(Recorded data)
-=-=-

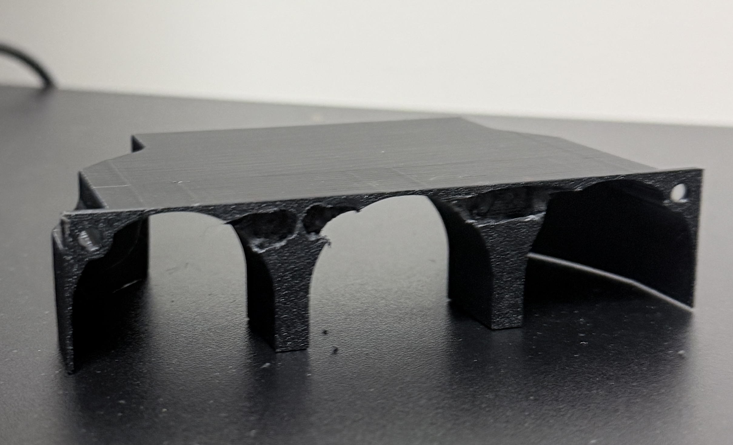 The 3D printed duct installed and ready for testing.
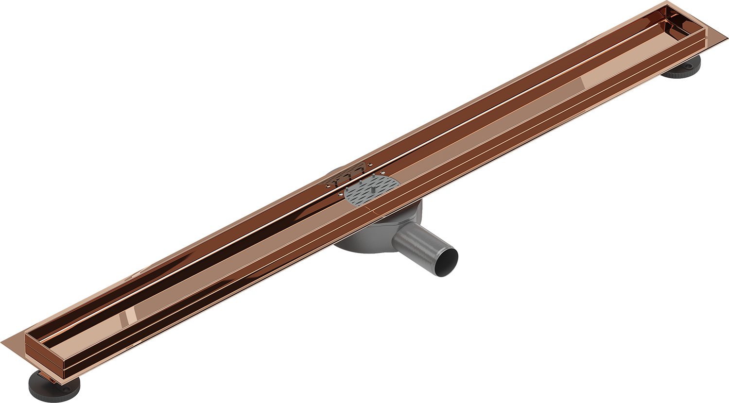 The linear drain is mounted at a depth of only 52 mm. The shallow depth allows for easier preparation of the surface for the drain installation and easy leveling, ensuring high aesthetics and effective water drainage.
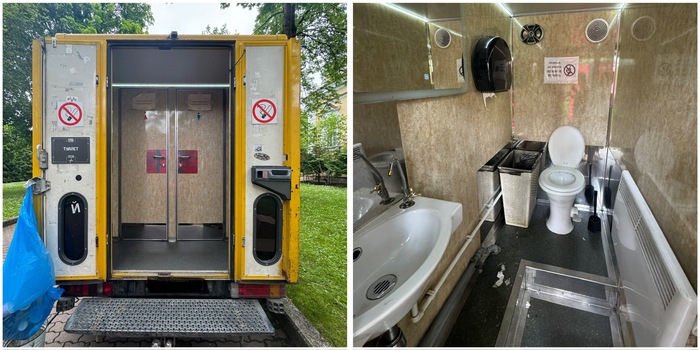 А куда без него? Он всегда желтый и еще называют желтком. Внутри — вполне комфортный и теплый со всем необходимым и водой. Во время съемочного дня группа ходит в него, а не в те туалеты, которые могут быть (или не быть) на локации.
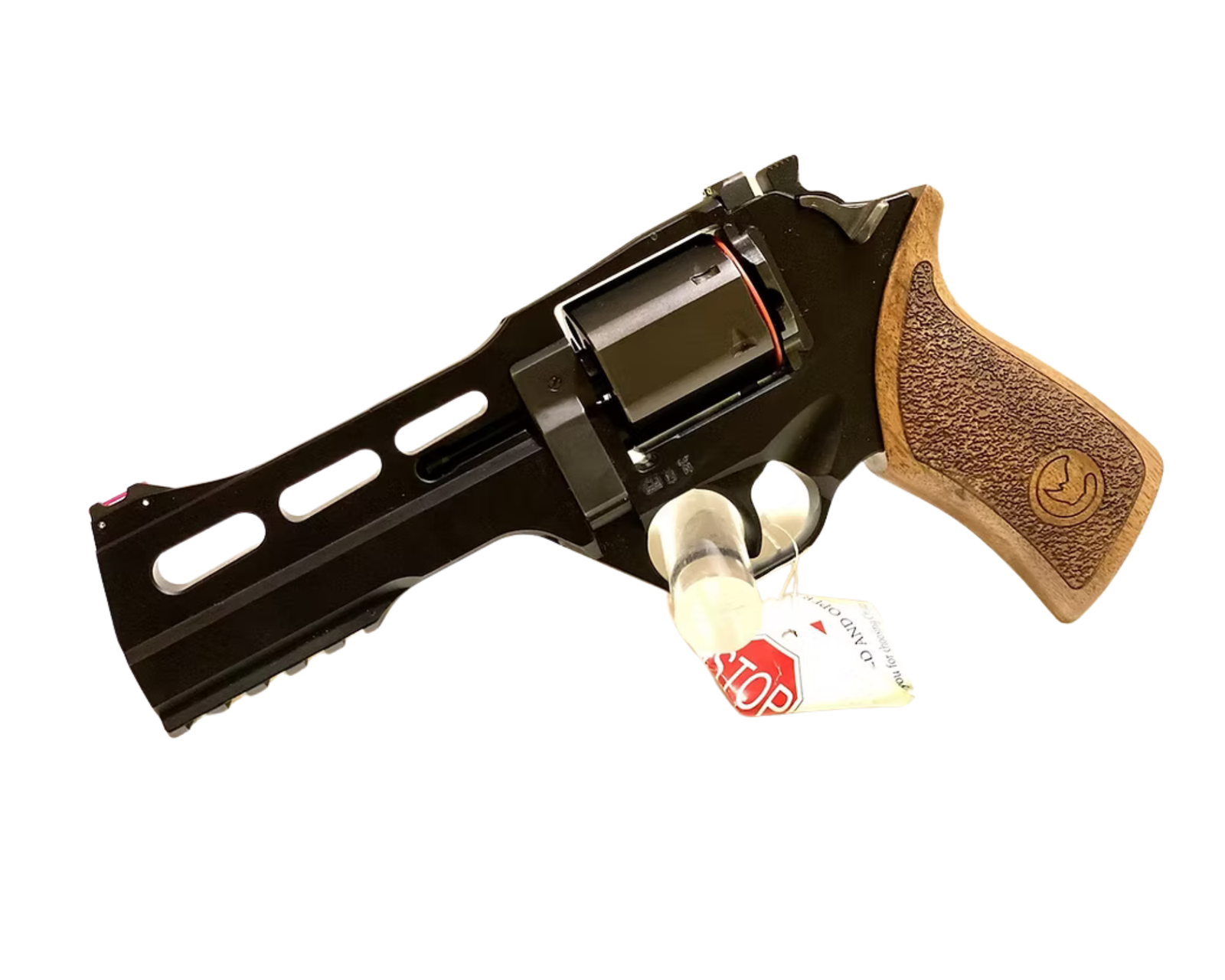 Chiappa Arms, ein traditionsreiches, familiengeführtes Unternehmen aus Norditalien, bietet den Rhino in mehreren Ausführungen und Kalibern an. Die Modellpalette reicht von kompakten 4″-Varianten über 5″- und 6″-Versionen bis zu speziellen „Charging Rhino“‑Ausführungen, die für IPSC/Praktische Wettkämpfe vorbereitet sind. Verfügbare Materialien und Oberflächen reichen von brünierten und nickelnen Ausführungen über Cerakote bis zu goldbeschichteten Varianten; Griffschalen sind klassisch in Walnussholz oder als robuste Laminat‑Ausführung erhältlich.
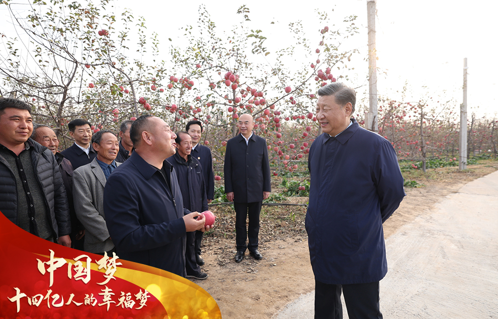 2022年10月26日,习近平总书记在延安市安塞区高桥镇南沟村苹果园同老乡们亲切交流。
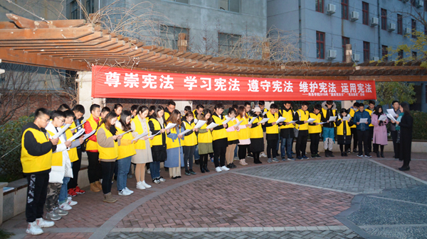 12月4日是我國第五個國家憲法日暨第18個全國法制宣傳日。今天早晨,我校在一號教學樓前舉行升國旗儀式并在莘子苑舉行憲法晨讀活動。校黨委宣傳部、團委負責人及相關人員,青馬班學員、健康管理學院學生代表參加活動。
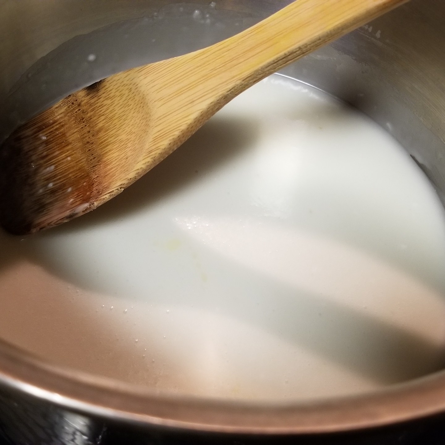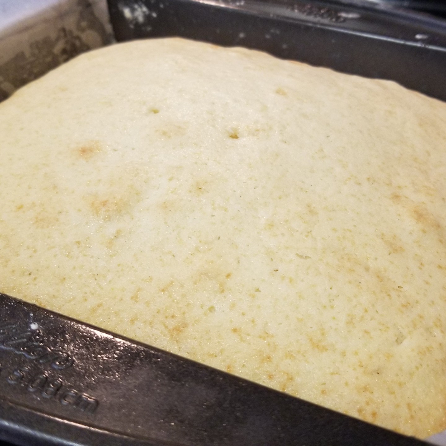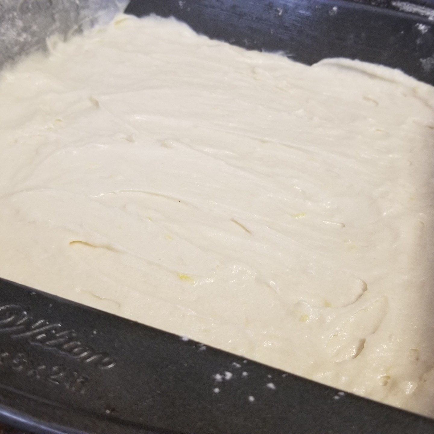 First the cake itself is made like most cakes – dry ingredients are mixed in one bowl and the wet in another (excluding milk). The dry ingredients and milk are added to the wet ingredients in batches until it’s completely combined. This is poured into a baking pan and baked until light gold.
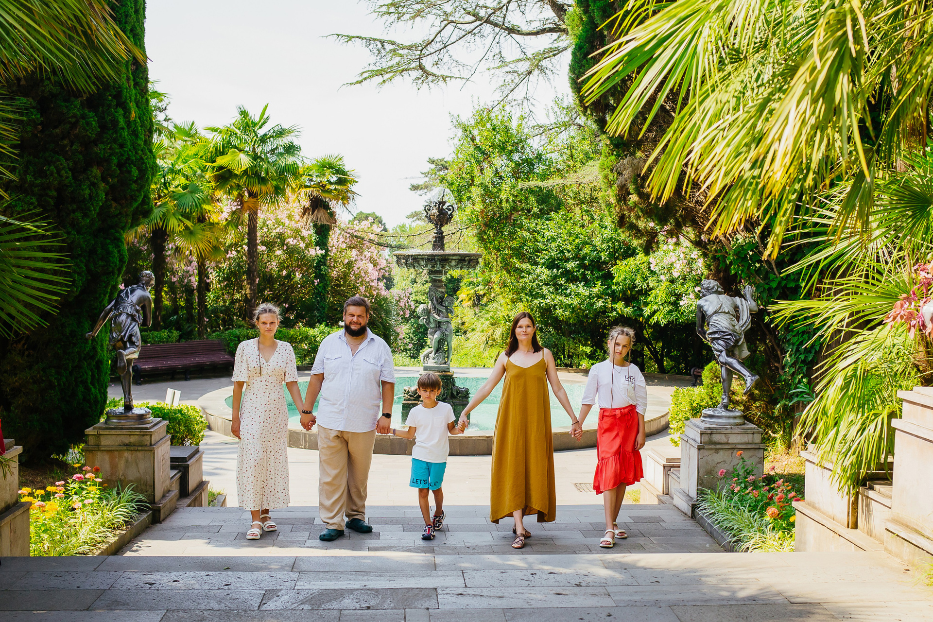 Романтичные прогулки по аллеям, кадры у фонтана или на фоне экзотических растений создадут атмосферу нежности и любви. - Семейная фотосессия
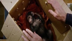 Will Rodman, a San Francisco scientist, has been working for five years on "ALZ-112", a genetically-engineered retrovirus that may be a cure for Alzheimer's Disease. ALZ-112 not only repairs brain cells, but genetically enhances them, giving chimpanzees a human level of intelligence. One of his test subjects is "Bright Eyes", a female chimpanzee that was recently captured from the West African Jungle. Much to everyone's shock, Bright Eyes goes on a rampage two months into her trial, before security is forced to kill her in front of board members, thus destroying any chance of developing ALZ-112 further. It is then discovered, however, that Bright Eyes' aggression was not due to the drug, but due to her maternal instinct to protect her baby, to whom she had secretly given birth a day or two earlier. Will's money and power hungry supevisor, Steven Jacobs, orders all twelve test chimpanzees put down after Bright Eyes' rampage, but Robert Franklin, the chimp handler responsible for carrying out this order, cannot bring himself to kill the chimpanzee baby, and instead gives it to Will, who names him Caesar and raises him in his house.

-=-=-

What to do = Ending at the line with "А куда без него?", reproduce exactly the lines that begin at the top of the data, and include no pictures.

Expected output =
 The 3D printed duct installed and ready for testing.
 The linear drain is mounted at a depth of only 52 mm. The shallow depth allows for easier preparation of the surface for the drain installation and easy leveling, ensuring high aesthetics and effective water drainage.
 А куда без него? Он всегда желтый и еще называют желтком. Внутри — вполне комфортный и теплый со всем необходимым и водой. Во время съемочного дня группа ходит в него, а не в те туалеты, которые могут быть (или не быть) на локации.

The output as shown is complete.